======== Data excerpts
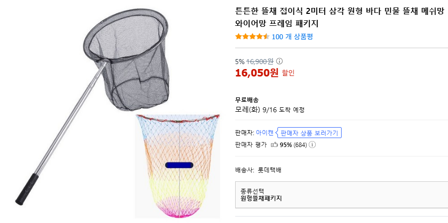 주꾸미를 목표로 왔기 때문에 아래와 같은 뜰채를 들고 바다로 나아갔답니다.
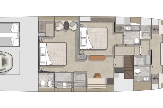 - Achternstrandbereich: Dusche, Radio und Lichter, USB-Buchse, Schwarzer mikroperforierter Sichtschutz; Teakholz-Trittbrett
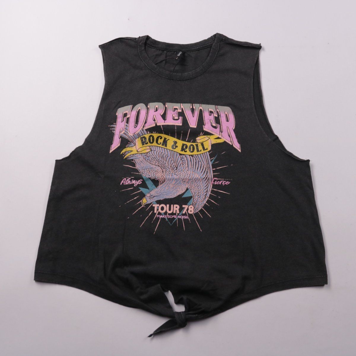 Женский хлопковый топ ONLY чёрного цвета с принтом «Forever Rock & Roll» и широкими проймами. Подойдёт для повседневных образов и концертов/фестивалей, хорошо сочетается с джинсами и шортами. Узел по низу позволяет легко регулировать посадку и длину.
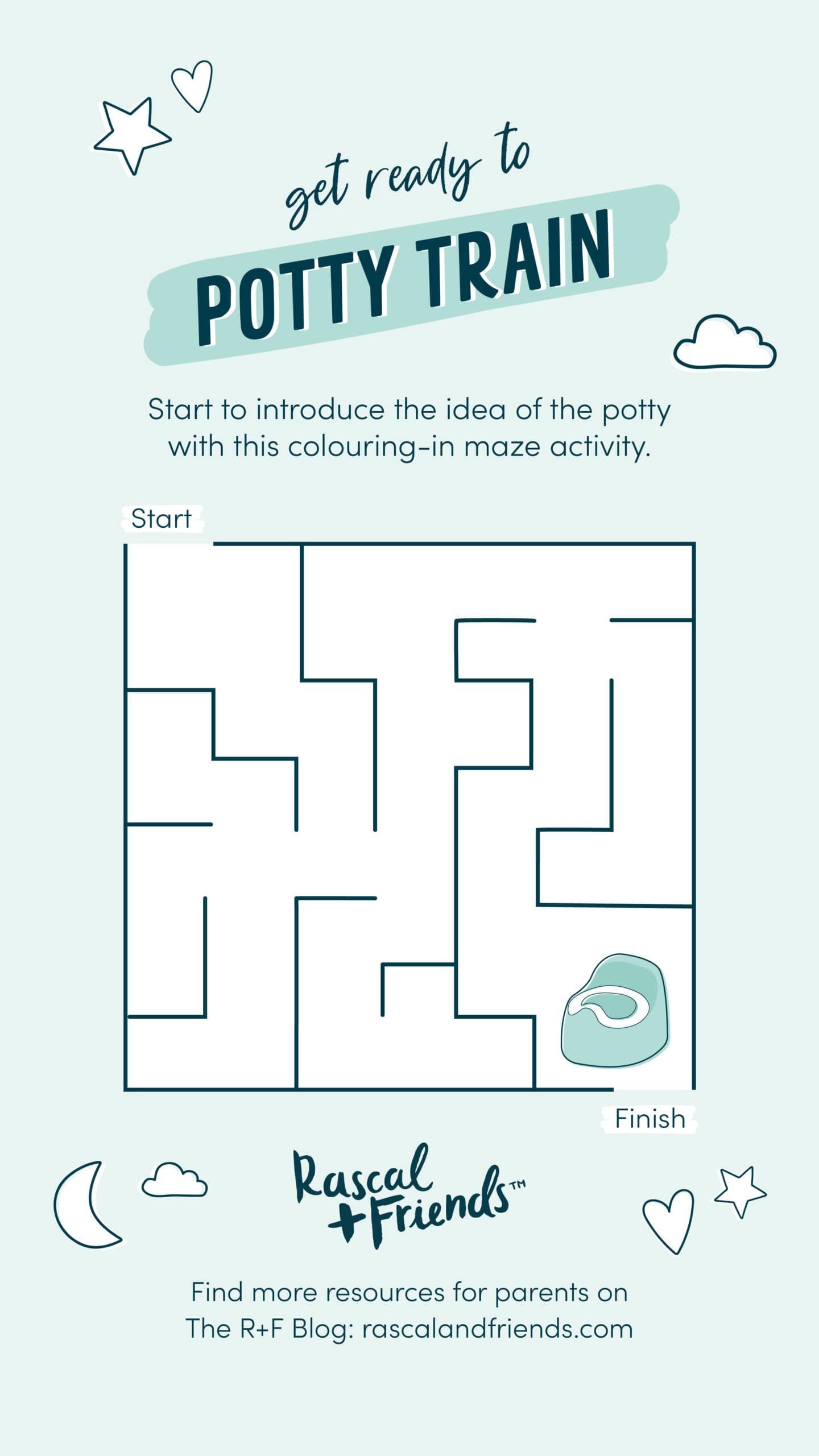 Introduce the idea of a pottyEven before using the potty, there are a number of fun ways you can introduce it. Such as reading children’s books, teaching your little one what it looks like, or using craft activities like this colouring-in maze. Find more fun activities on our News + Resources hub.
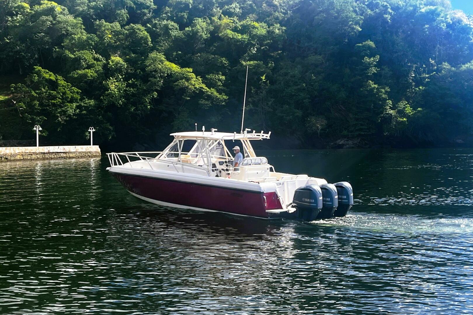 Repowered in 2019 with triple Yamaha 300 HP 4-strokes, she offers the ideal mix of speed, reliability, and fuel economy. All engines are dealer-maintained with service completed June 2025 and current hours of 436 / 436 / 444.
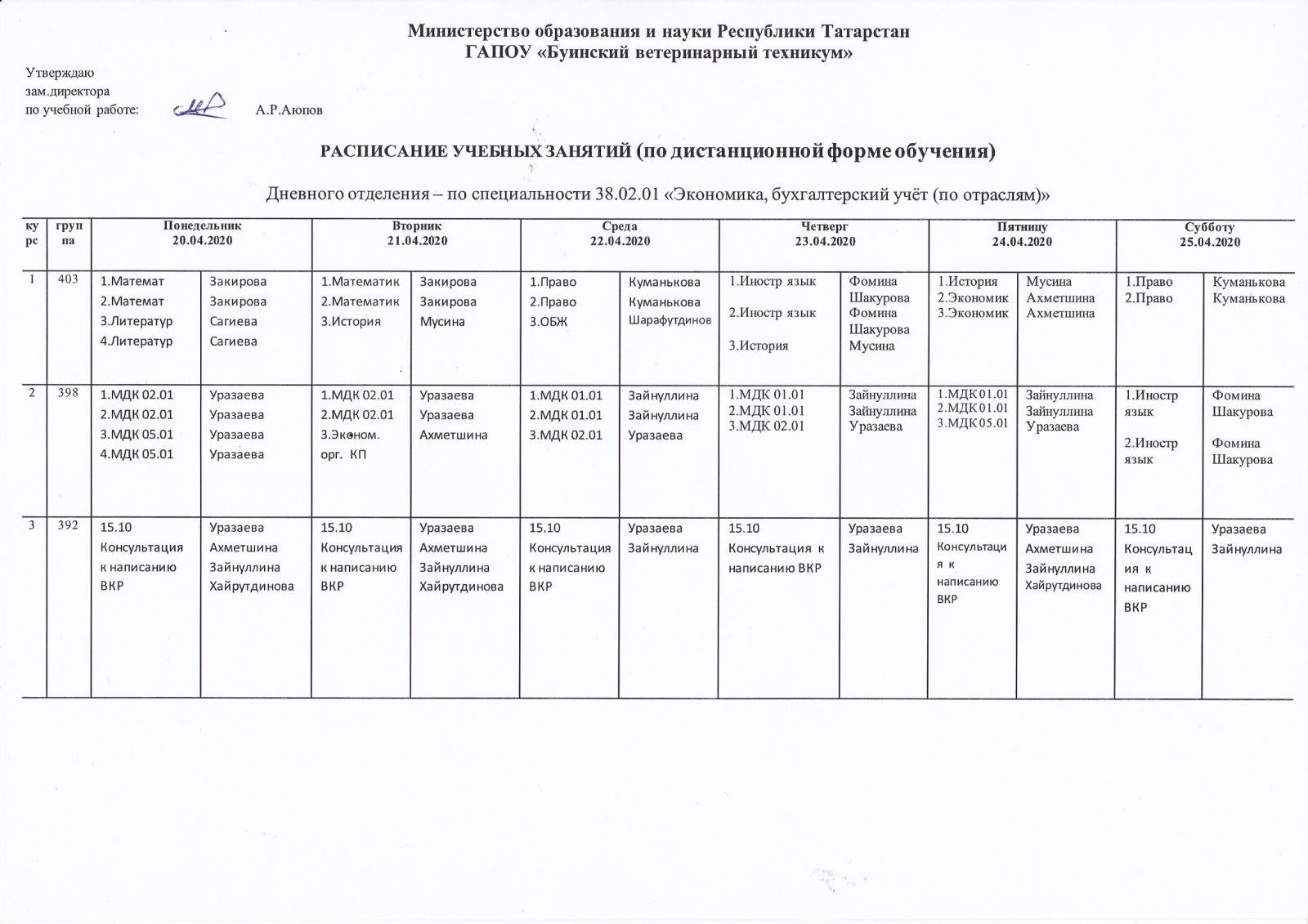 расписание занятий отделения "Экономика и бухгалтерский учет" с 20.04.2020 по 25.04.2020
================
*Required work*
Retype the whole listing exactly and leave the pictures out.

*Answer section*
 주꾸미를 목표로 왔기 때문에 아래와 같은 뜰채를 들고 바다로 나아갔답니다.
 - Achternstrandbereich: Dusche, Radio und Lichter, USB-Buchse, Schwarzer mikroperforierter Sichtschutz; Teakholz-Trittbrett
 Женский хлопковый топ ONLY чёрного цвета с принтом «Forever Rock & Roll» и широкими проймами. Подойдёт для повседневных образов и концертов/фестивалей, хорошо сочетается с джинсами и шортами. Узел по низу позволяет легко регулировать посадку и длину.
 Introduce the idea of a pottyEven before using the potty, there are a number of fun ways you can introduce it. Such as reading children’s books, teaching your little one what it looks like, or using craft activities like this colouring-in maze. Find more fun activities on our News + Resources hub.
 Repowered in 2019 with triple Yamaha 300 HP 4-strokes, she offers the ideal mix of speed, reliability, and fuel economy. All engines are dealer-maintained with service completed June 2025 and current hours of 436 / 436 / 444.
 расписание занятий отделения "Экономика и бухгалтерский учет" с 20.04.2020 по 25.04.2020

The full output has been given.